- **WHAT TO PRODUCE**
Using the material below, repeat exactly the lines from the one with "Instead of playing" through the one with "El próximo viernes", ends included, without any images.

- **MATERIALS PROVIDED**
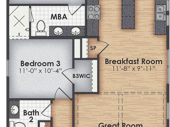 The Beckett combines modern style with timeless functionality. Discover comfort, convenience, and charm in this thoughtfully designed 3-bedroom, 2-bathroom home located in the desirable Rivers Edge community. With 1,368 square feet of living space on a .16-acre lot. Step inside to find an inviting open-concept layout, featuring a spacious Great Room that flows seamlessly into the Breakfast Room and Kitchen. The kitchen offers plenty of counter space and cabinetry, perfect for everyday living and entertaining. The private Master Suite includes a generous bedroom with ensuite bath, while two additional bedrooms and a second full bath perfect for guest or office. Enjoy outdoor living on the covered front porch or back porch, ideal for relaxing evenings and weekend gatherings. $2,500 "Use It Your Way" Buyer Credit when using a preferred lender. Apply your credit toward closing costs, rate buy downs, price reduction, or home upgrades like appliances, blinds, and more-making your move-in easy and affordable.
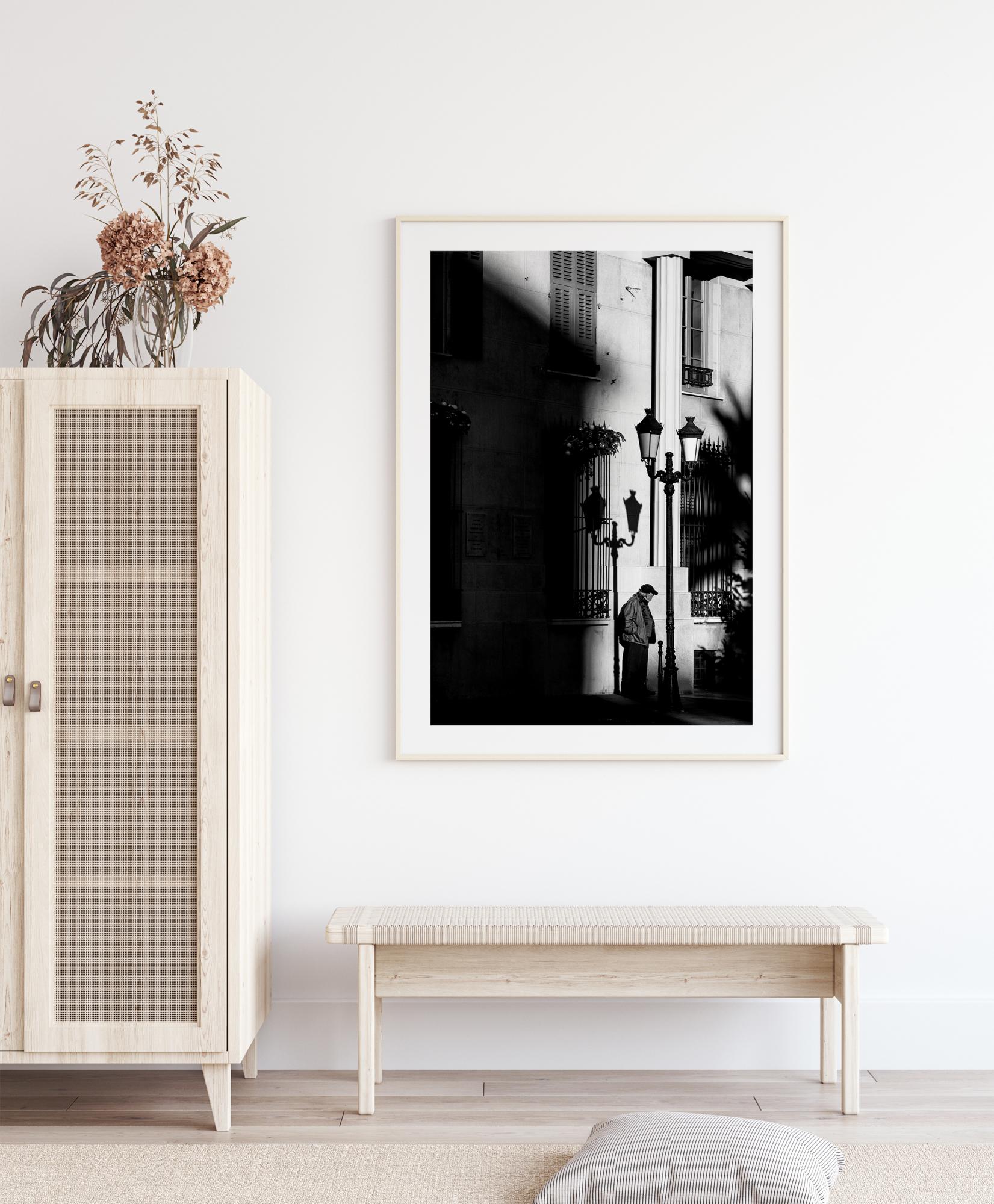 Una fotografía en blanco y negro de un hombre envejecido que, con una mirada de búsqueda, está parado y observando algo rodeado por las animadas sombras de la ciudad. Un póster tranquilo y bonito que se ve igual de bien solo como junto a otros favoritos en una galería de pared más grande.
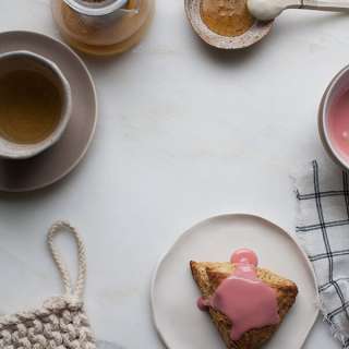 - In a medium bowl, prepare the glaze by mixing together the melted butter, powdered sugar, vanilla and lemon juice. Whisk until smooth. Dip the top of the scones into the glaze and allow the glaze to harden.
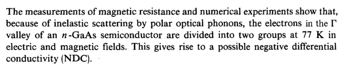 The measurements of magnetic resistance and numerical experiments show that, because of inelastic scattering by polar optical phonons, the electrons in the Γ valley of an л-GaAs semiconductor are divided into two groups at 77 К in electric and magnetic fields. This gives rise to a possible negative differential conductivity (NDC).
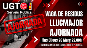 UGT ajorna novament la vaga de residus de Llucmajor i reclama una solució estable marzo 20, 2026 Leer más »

...

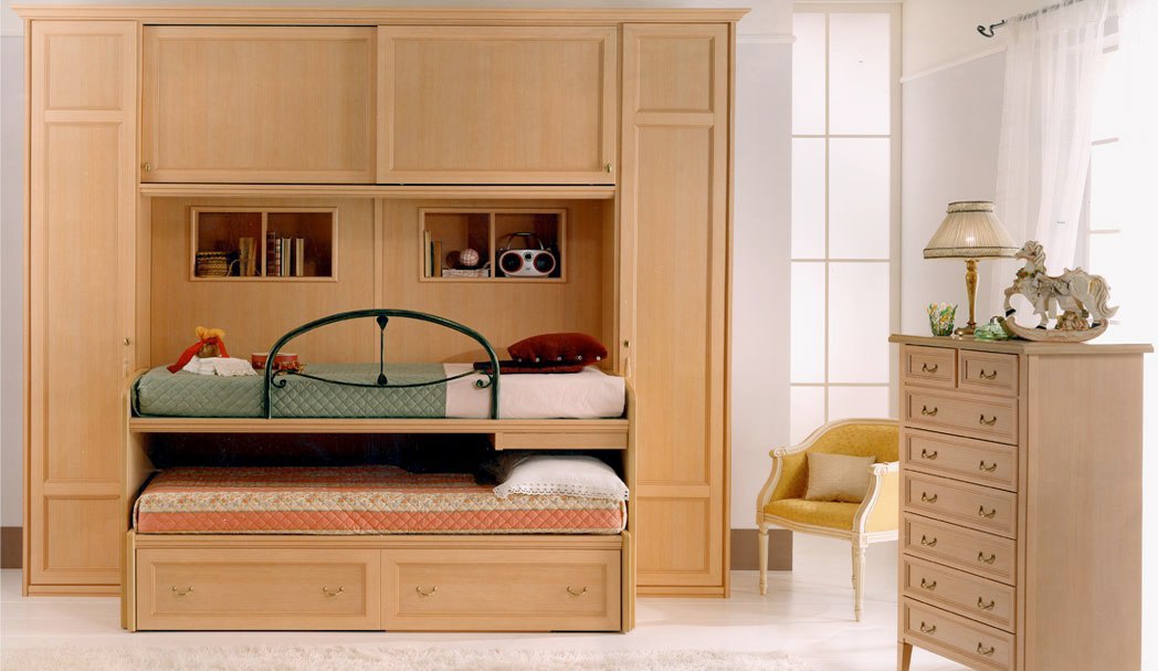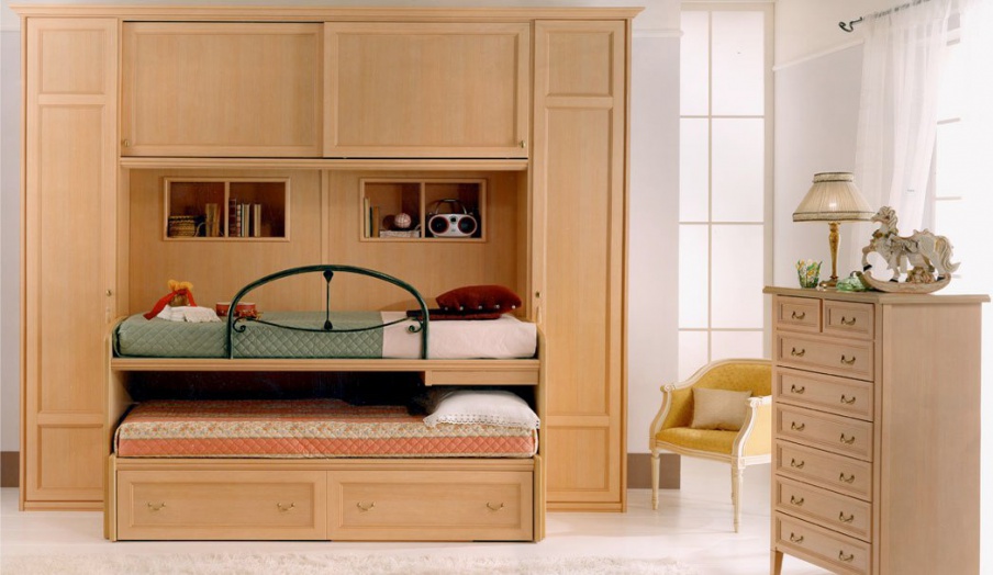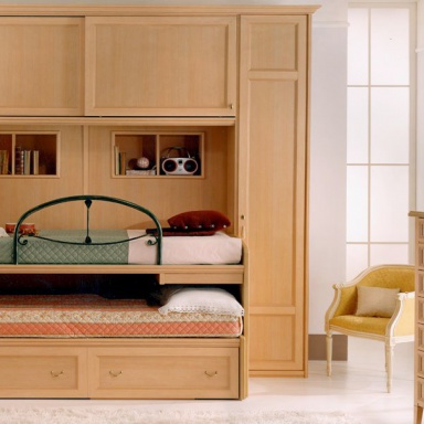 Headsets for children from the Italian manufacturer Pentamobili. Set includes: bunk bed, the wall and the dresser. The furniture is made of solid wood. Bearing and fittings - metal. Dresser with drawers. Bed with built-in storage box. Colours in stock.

* * *

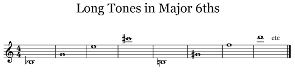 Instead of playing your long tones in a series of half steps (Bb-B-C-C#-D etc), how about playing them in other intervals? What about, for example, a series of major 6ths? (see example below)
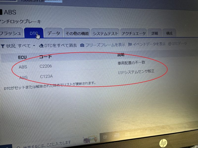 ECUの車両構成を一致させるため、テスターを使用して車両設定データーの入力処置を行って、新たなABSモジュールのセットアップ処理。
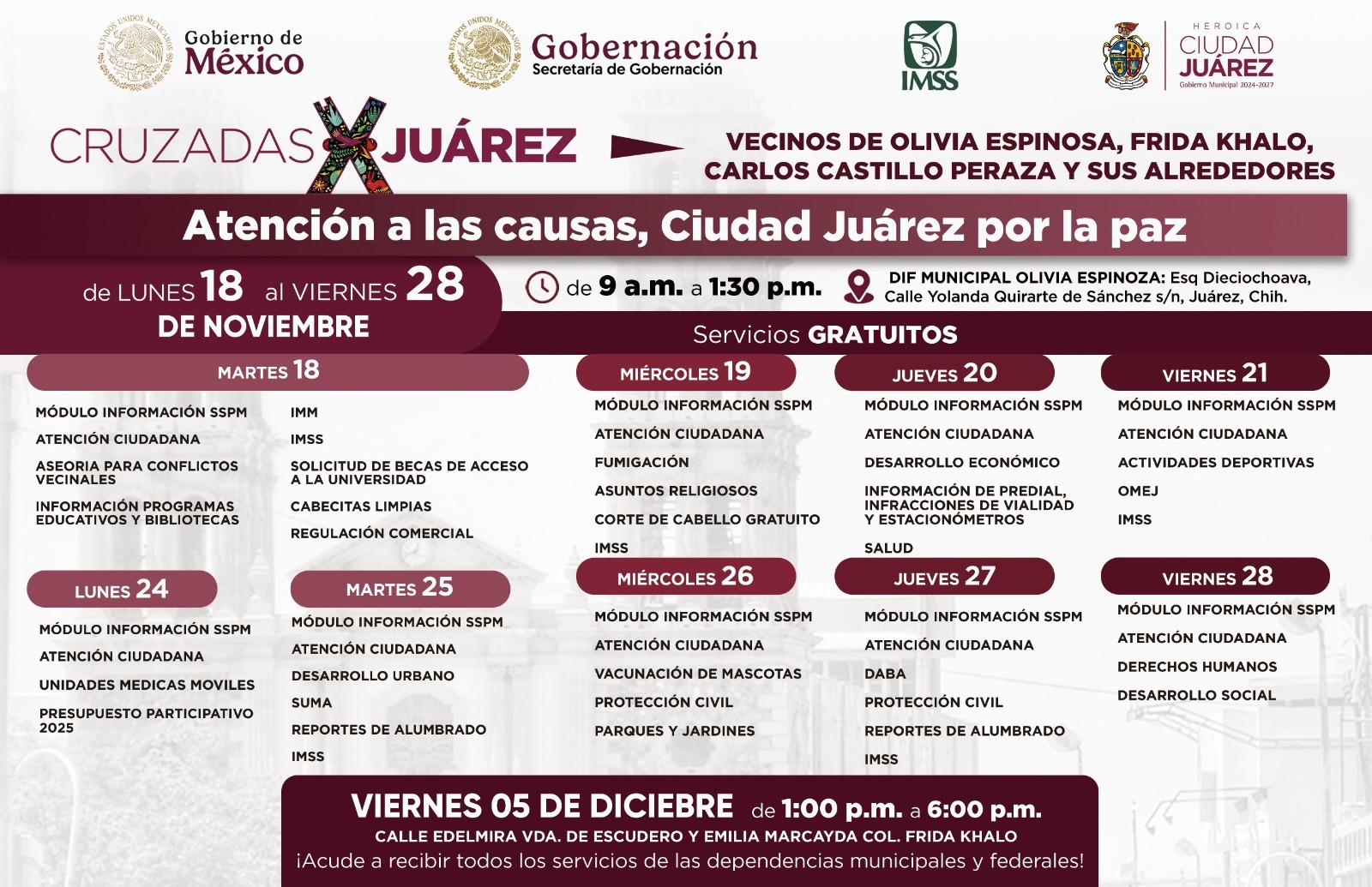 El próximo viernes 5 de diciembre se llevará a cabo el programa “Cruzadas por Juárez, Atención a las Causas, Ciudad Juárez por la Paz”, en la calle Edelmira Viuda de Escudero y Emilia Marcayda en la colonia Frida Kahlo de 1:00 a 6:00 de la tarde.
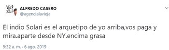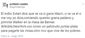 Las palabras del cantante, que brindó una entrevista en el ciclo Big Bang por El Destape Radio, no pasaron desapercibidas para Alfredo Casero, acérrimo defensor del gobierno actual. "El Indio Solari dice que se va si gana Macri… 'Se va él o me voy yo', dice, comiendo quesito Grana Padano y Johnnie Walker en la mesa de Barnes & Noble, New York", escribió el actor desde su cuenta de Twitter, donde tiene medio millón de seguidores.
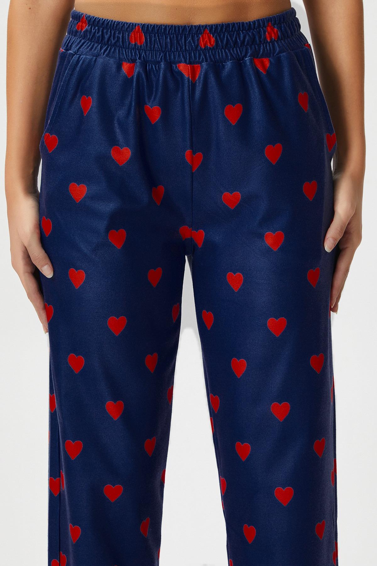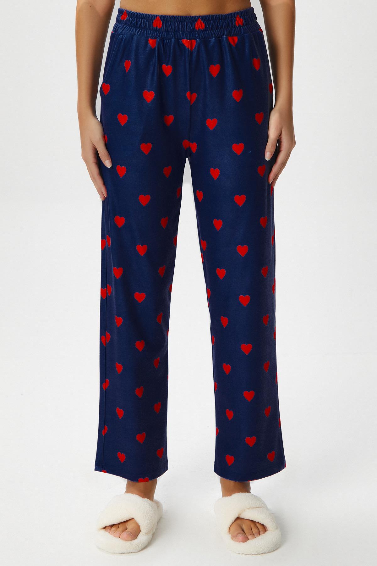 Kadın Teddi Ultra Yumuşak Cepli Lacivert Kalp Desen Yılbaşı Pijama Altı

- **WRITTEN RESPONSE**
 Instead of playing your long tones in a series of half steps (Bb-B-C-C#-D etc), how about playing them in other intervals? What about, for example, a series of major 6ths? (see example below)
 ECUの車両構成を一致させるため、テスターを使用して車両設定データーの入力処置を行って、新たなABSモジュールのセットアップ処理。
 El próximo viernes 5 de diciembre se llevará a cabo el programa “Cruzadas por Juárez, Atención a las Causas, Ciudad Juárez por la Paz”, en la calle Edelmira Viuda de Escudero y Emilia Marcayda en la colonia Frida Kahlo de 1:00 a 6:00 de la tarde.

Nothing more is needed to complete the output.